The control section 30 has a CPU (Central Processing Unit), a ROM (Read Only Memory), and a RAM (Random Access Memory). The ROM stores various programs to be executed by the CPU. The RAM stores information such as diverse parameters. The CPU executes the various programs stored in the ROM, thereby controlling the components involved in such a manner that the main imaging apparatus 20 performs operations corresponding to manipulations made by the user. The control section 30 further includes an imaging control section 31 that performs control to make the main imaging apparatus 20 image the subject of interest OB, on the basis of the subject position information supplied from the sub imaging apparatus 60.

FIG. 4 depicts a typical functional configuration of the imaging control section. The imaging control section 31 includes a subject position calculation section 311, an imaging direction control section 312, and a focus control section 313. Incidentally, in a case where the depth of field of the main imaging apparatus 20 is so large that focus adjustment is not necessary, the imaging control section 31 may dispense with the focus control section 313.

The subject position calculation section 311 calculates the direction of, and the distance to, the subject of interest based on the result of the position and posture detection by the position and posture detection section 28 and on the subject position information supplied from the sub imaging apparatus 60. Incidentally, how to calculate the direction of and the distance to the subject of interest will be discussed later in detail. The subject position calculation section 311 outputs the result of calculating the direction of the subject of interest to the imaging direction control section 312, and outputs the result of calculating the distance to the subject of interest to the focus control section 313.

On the basis of the result of calculating the direction of the subject of interest, the imaging direction control section 312 generates a direction control signal such that the imaging direction of the main imaging apparatus 20 is set to the direction of the subject of interest. The imaging direction control section 312 outputs the generated direction control signal to the camera platform 40. On the basis of the result of calculating the distance to the subject of interest, the focus control section 313 generates a focus control signal such that the focus position of the main imaging apparatus 20 is set to the position of the subject of interest. The focus control section 313 outputs the generated focus control signal to the imaging optical system block 21.

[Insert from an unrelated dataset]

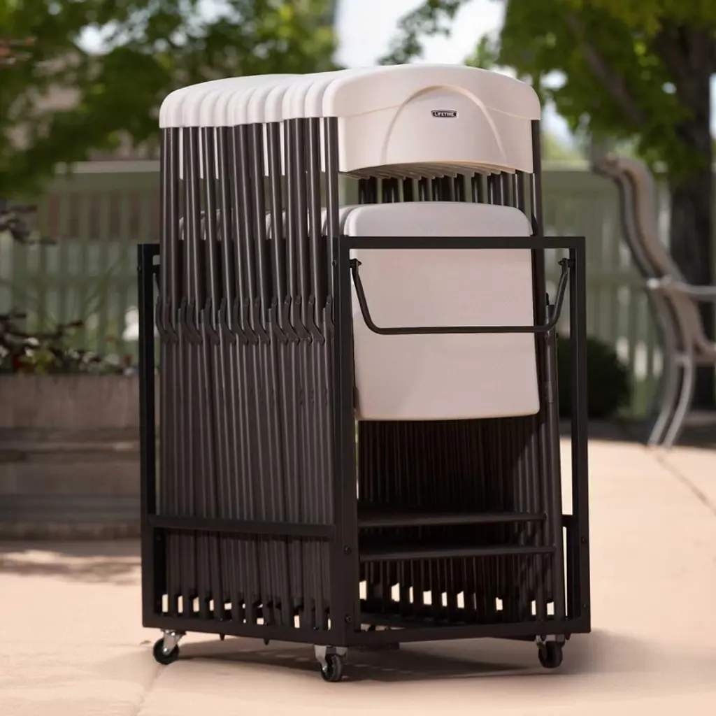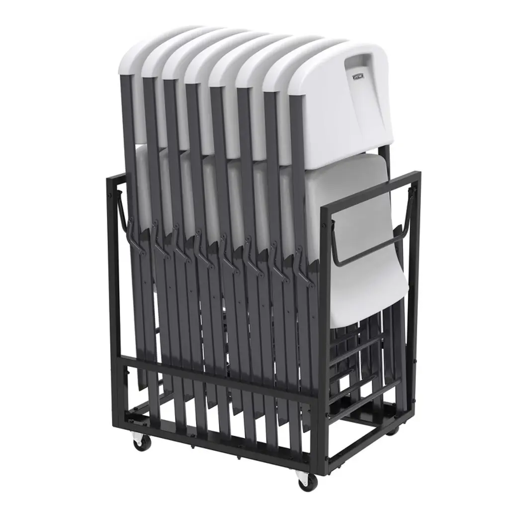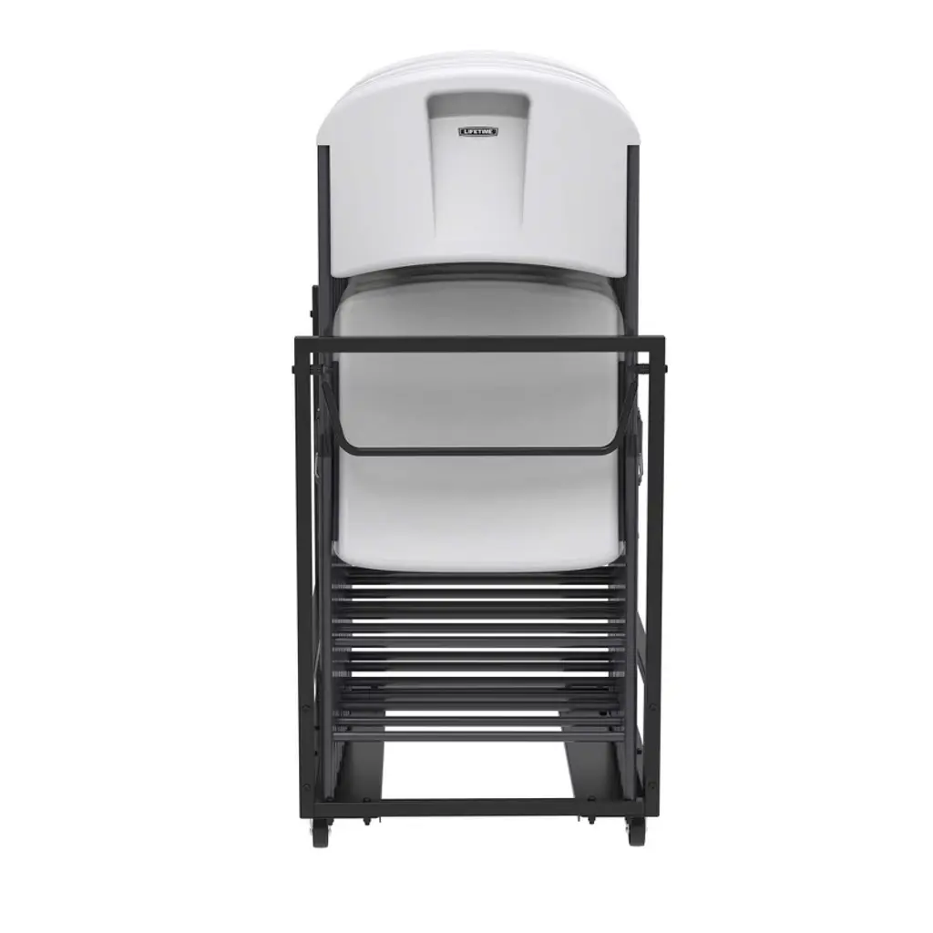 Store and transport your Lifetime Commercial and Light Commercial chairs with ease using the smooth caster wheels and 8-chair capacity. The lifetime bypass folding frame chair can be stored to a quantity of 14. The cart is constructed from durable, weather-resistant, powder-coated steel, so you can rely on it confidently. Enjoy the convenience of a cart that is designed to fit through a standard doorway and is simple to maneuver. Store and transport your Lifetime chairs the easy way with the Lifetime Chair Cart!

Returning to FIG. 3, the configuration of the sub imaging apparatus 60 is explained. The sub imaging apparatus 60 includes a subject position information generation section 71, the communication section 72, the imaging optical system block 73, the imaging section 74, the parallax calculation section 75, the image combination section 76, and the display section 77. The subject position information generation section 71 includes a distance measurement section 711 and a motion sensor section 712.

As described above, the distance measurement section 711 measures the distance to the subject of interest positioned straight in front of the user wearing the sub imaging apparatus 60. The motion sensor section 712 generates the motion information indicative of the amounts of position and posture changes of the sub imaging apparatus 60. The subject position information generation section 71 generates the subject position information including the distance to the subject of interest measured by the distance measurement section 711 and the motion information generated by the motion sensor section 712, then outputs the subject position information to the communication section 72.

The communication section 72 transmits to the main imaging apparatus 20 the subject position information generated by the subject position information generation section 71. Further, the communication section 72 receives the image signal sent from the main imaging apparatus 20 and outputs the received image signal to the image combination section 76.

The imaging optical system block 73, configured by use of a focus lens, forms an optical image of the subject on an imaging plane of the imaging section 74. The imaging optical system block 73 may include a zoom lens.

The imaging section 74 has an imaging element such as a CMOS (Complementary Metal Oxide Semiconductor) or a CCD (Charge Coupled Device) and a signal processing section. The imaging element performs photoelectric conversion to generate an image signal corresponding to the optical image of the subject. The signal processing section performs processes such as noise removal, gain adjustment, analog/digital conversion, defective pixel correction, and image development on the pixel signal generated by the imaging element. The imaging section outputs the generated image signal to the image combination section 76.

The parallax calculation section 75 calculates the parallax between the imaging section 74 and the imaging section 22 in the main imaging apparatus 20, on the basis of the subject position information generated by the subject position information generation section 71. The parallax calculation section 75 outputs the calculated parallax to the image combination section 76.

The image combination section 76 generates a display signal by using the image signal generated by the imaging section 74 as well as the image signal received by the communication section 72 from the main imaging apparatus 20. The display signal is generated according to the parallax calculated by the parallax calculation section 75, as will be discussed later. Further, the image combination section 76 outputs the generated display signal to the display section.

The display section 77 is configured using a liquid crystal display element or an organic EL display element, for example. The display section 77 displays the captured image based on the display signal generated by the image combination section 76.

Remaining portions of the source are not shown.